Mann-Kendall interpretation. Working in R, "object 'y' not found"

QMT

New Member
#1
I am trying to run a Mann-Kendall over a group of files, to perform the MK on each one. This is precip data, for each area, over decades. I read the data into R, then create df "datalist". I bind all the files into one, and then split them by the name in the first column ("V1"). This all works fine.

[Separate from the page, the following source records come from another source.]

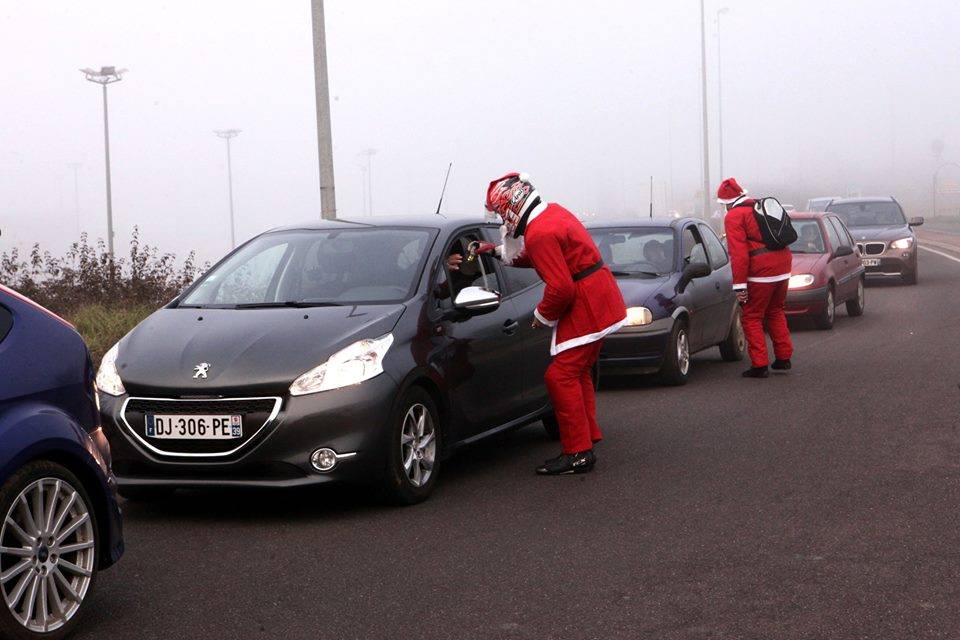 Puis départ par un autre axe avec arrêt sur un rond-point et distribution de papillotes . Toujours dans la bienveillance des automobilistes.
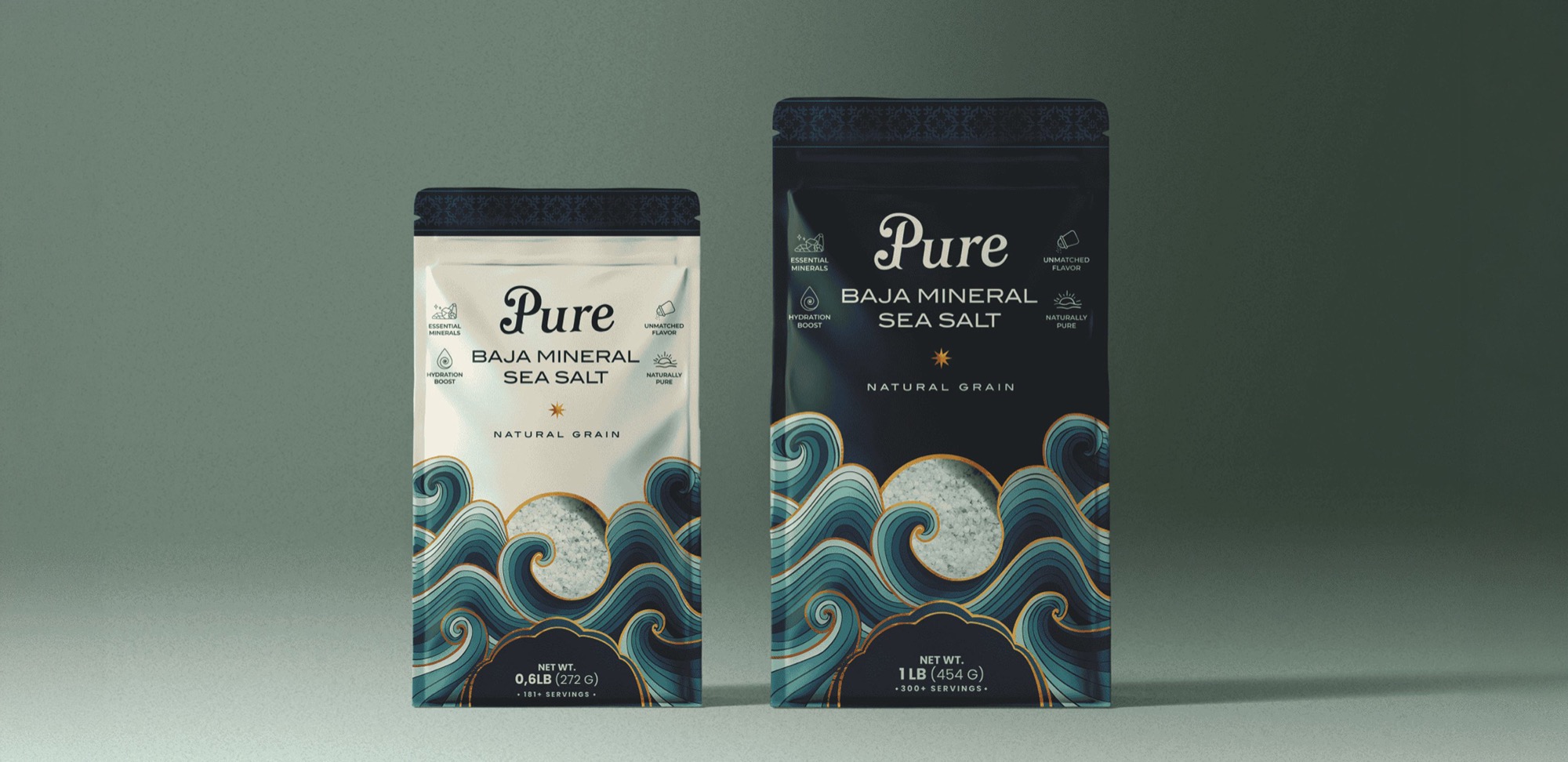 Premium sea salt brand celebrating the pure, mineral-rich waters of Baja California with elegant packaging and natural authenticity.
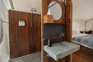 Under Canvas White Mountains will feature safari-inspired canvas tents, each with a private deck, all featuring West Elm furnishings, an ensuite bathroom with a pull-chain shower, sink and flushing toilet, king-size bed, luxe linens, bedside lanterns, a wood-burning stove, and USB battery packs.
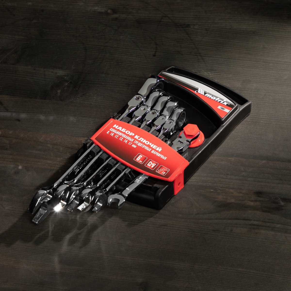 Набор ключей комбинированных, трещеточных шарнирных 6 шт Matrix
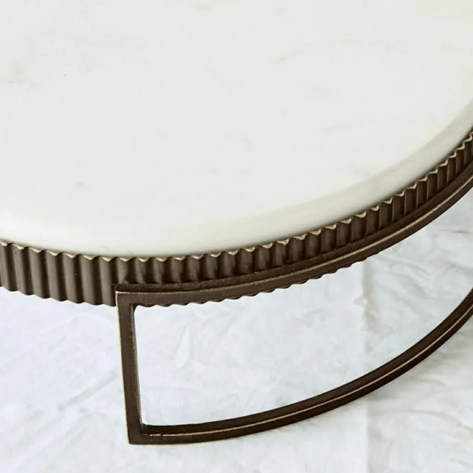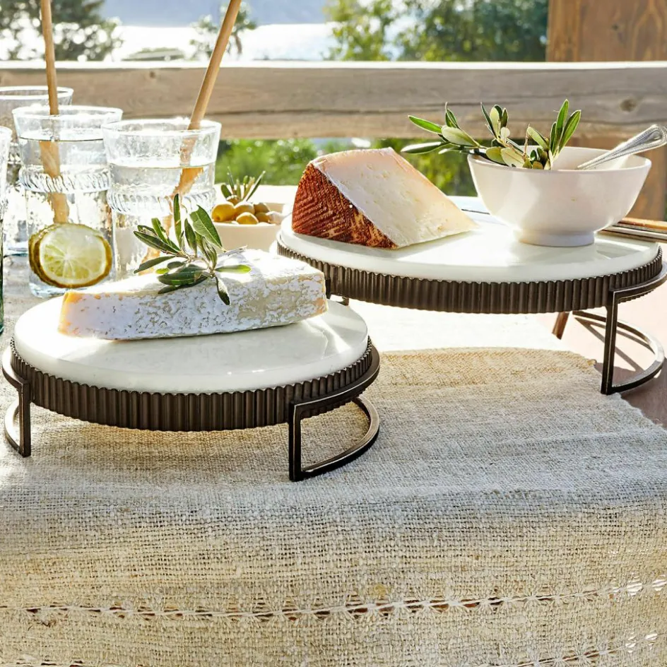 Das Plattenset vereint edlen Marmor und kunstvoll bearbeitetes Metall in einem Design, das Charakter und Raffinesse ausstrahlt. Die runde Form der Platten, umgeben von einem filigranen, geriffelten Metallrand mit dezentem Antikgold-Finish, lässt jedes Stück wie ein kleines Kunstwerk wirken. Die natürliche Marmorstruktur erzählt ihre eigene Geschichte und zieht mit ihren feinen Nuancen und Farbvariationen alle Blicke auf sich. Das Eisen-Gestell, in sanft geschwungenem Design, gibt den Platten eine leicht schwebende Wirkung und fügt sich harmonisch in verschiedene Raumkonzepte ein. Ein Ensemble, das durch seine ausgewogene Form und seine außergewöhnliche Materialkombination besticht und jedem Interieur das gewisse Etwas verleiht.

Then I want to perform the MK on each split "chunk". Previously, I have used this same code to create means of each "chunk" and it worked perfectly:
Code:
Samp <- sapply(splitByHUCs, function(x) mean(x$RO_MM, na.rm = FALSE, use.names = T))
I was hoping to just slightly tweak the code like this:
Code:
Samp <- sapply(splitByHUCs, function(x) Kendall(x$V2, y$V3))
, where x is the timeline and y is the data.
But I am getting "Error in Kendall(x$V2, y$V3) : object 'y' not found". I am confused about the requirements for the MK test.

I have the manual and it states, "Usage Kendall(x, y) Arguments x first variable, a vector y second variable, a vector the same length as x Details In many applications x and y may be ranks or even ordered categorical variables. In our function x and y should be numeric vectors or factors. Any observations corresponding to NA in either x or y are removed. Kendall’s rank correlation measures the strength of monotonic association between the vectors x and y."

This is not clear to me. My data are a vector of precip data over a time period. I am not comparing it to something else, I only want to see if there is a trend in the data. Could someone please explain what I am missing? Should I be using a different test from the package? I find the manual very cryptic and confusing. I tried to run MannKendall(x$V3) and got results, but I don't understand what is being correlated? There are no "pairs", it is a string of data records. So, I am not understanding how to interpret the results.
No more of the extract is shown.